Think in terms of great recordings from thirty to fifty years ago. Like old jazz recordings of the greats such as Charlie Parker, or old Beatles albums. Are these recordings anything less because they weren't recorded on modern day equipment? Not at all. They are great because of what went on in front of the microphone, not behind the scenes.

Yes, its back to basics here. What's funny is that when you were sitting down quietly with your guitar or at your piano, or humming away a tune, and something came to you that you felt and it somehow became music, if you were lucky enough to embody that emotion in your song and it carries to the listener, then the last thing you want to do is lose that magic in gadget land. I'm not suggesting producing poor quality sounding productions. By all means, get the best quality sound that you can afford. But I am suggesting that maybe instead of you trying to be both the musician and the engineer, that if you had to pick one over the other, you can always buy an engineer for your music. You can't buy the music. You may find it difficult to do it all yourself and not risk affecting the emotion of the music you want to record.

Second Point: Continuing on from Point One, there is often a subtle yet critical point that comes out of the concept of having a bunch of equipment at home - you tend to work alone a lot more. Well this could be fine, but often a mature recording is based on a team of people working on it. Where the songwriter has his or her role, the musicians play their part, the engineer plays their part and ideally a producer is in there, facilitating the entire process.

Well when you have all this equipment at home, there's no one around you to suggest something that you might not be aware of. Such as "that introduction is a bit long, isn't it?" or "Do you really think it might sound better with a vocal harmony here?", etc. These extra set of ears working on your music are a critical early quality control issue that doesn't happen when you are working alone. So the end product that you send out from your studio hasn't taken into consideration a number of people hearing it. Its hard sometimes to see the forest for the trees when you are writing and doing all of the other things that is part of making music. So consequently having some early opinions by people who can make a positive contribution is critical in obtaining a mature recording.
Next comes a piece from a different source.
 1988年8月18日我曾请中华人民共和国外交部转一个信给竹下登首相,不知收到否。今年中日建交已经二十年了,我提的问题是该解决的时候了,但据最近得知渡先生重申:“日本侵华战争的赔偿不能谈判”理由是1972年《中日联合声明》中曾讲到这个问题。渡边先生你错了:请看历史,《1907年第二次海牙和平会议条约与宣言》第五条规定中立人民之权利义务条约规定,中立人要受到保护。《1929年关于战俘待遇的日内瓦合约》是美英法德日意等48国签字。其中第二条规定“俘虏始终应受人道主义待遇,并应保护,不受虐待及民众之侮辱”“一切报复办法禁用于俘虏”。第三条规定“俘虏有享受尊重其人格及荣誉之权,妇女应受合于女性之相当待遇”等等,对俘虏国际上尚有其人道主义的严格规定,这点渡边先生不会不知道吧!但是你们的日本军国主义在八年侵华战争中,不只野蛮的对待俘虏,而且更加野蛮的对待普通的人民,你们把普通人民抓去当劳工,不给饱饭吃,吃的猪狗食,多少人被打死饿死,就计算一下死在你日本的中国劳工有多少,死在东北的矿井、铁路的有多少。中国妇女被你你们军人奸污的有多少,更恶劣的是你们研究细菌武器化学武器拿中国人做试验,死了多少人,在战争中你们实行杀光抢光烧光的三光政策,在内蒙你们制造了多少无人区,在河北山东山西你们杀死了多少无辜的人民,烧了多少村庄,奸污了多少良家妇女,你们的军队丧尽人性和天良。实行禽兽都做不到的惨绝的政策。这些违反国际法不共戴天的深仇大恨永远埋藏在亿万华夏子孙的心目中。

Third Point: Human drummers. Use humans for drumming wherever possible. There are obvious exceptions here, and that is music falling into a techno, house, ambient, rave, or hip hop classification (or similar). In these cases, drums are typically done using sampled drum loops. So there is a seperate set of rules there. But for the rest.....

Despite the fact that you have just spent hundreds or thousands of dollars on that new keyboard or drum machine, it just isn't going to cut it when you are putting together a "master" recording. Not for drums anyway. 9 out of 10 listeners will notice the difference between a human drummer and a drum machine. And its really a problem when you hear a poor sounding crash cymbal on a drum machine and it ruins the entire recorded production. It would probably be ok on a demo, but not on a master.
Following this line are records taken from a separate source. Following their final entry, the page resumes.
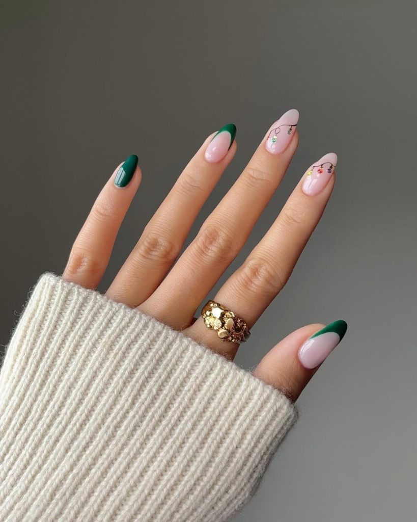 A crisp Green French on tapered Almond nails, with two accent fingers “strung” with tiny festive bulbs. The color story nods to Red and green without veering costume—editorial and cheerful in equal measure.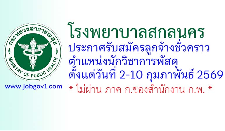 โรงพยาบาลสกลนคร รับสมัครลูกจ้างชั่วคราว ตำแหน่งนักวิชาการพัสดุ ตั้งแต่วันที่ 2-10 กุมภาพันธ์ 2569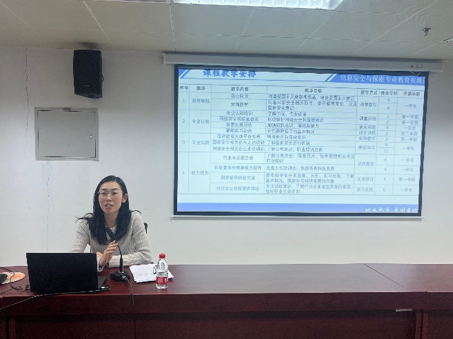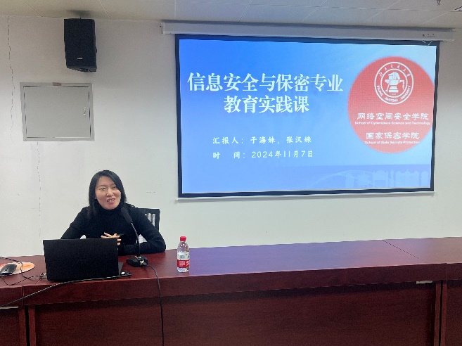 学工办主任于海妹和综合办张汉姝介绍综合素质培养之信息安全与保密专业教育实践课程情况。学院将持续做好信息安全与保密专业教育实践课程建设,从知专业、爱专业角度出发,通过“理论+实践”多环节活动的开展,培养新时代全面发展的信息安全和保密专业人才。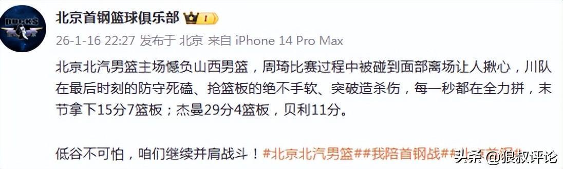 北京时间1月16日,CBA常规赛继续开打,北京84-90不敌山西,过去4场比赛,北京输了3场,而第四节崩盘引发外界的热议,大量的球迷冲到北京社媒评论区表达不满。北京官方社媒发文:北京北汽男篮主场憾负山西男篮,周琦比赛过程中被碰到面部离场让人揪心,川队在最后时刻的防守死磕、抢篮板的绝不手软、突破造杀伤,每一秒都在全力拼,末节拿下15分7篮板;杰曼29分4篮板...

The main reason why drummers are so critical is that they control the underlying feel of the music. Machines can't really do this. Of all the recordings that have come across my desk over the past 10 or so years, the ones with killer grooves played by a human drummer are the ones that worked. The only time I have found drum machines successful is when a drummer programmed them. Its just easier to have a drummer do it with a kit.

Drummers are critical in producing high quality master recordings. If you want to produce a master recording and don't know a drummer, talk to a recording studio and have them suggest a session drummer for your music. Session players vary in rates, but the hundred or so dollars that you are going to spend on a session drummer will make the world of difference to your production.

These are highly noticeable points to me when I judged my part of various songwriting competitions.

I should say that I have come across some excellent submissions this way. But the ones that touched me were able to provide emotion and feeling embodied in a quality sounding product. Let's keep up the good work and let's keep some of these points in mind with a view to raising the standard of music productions.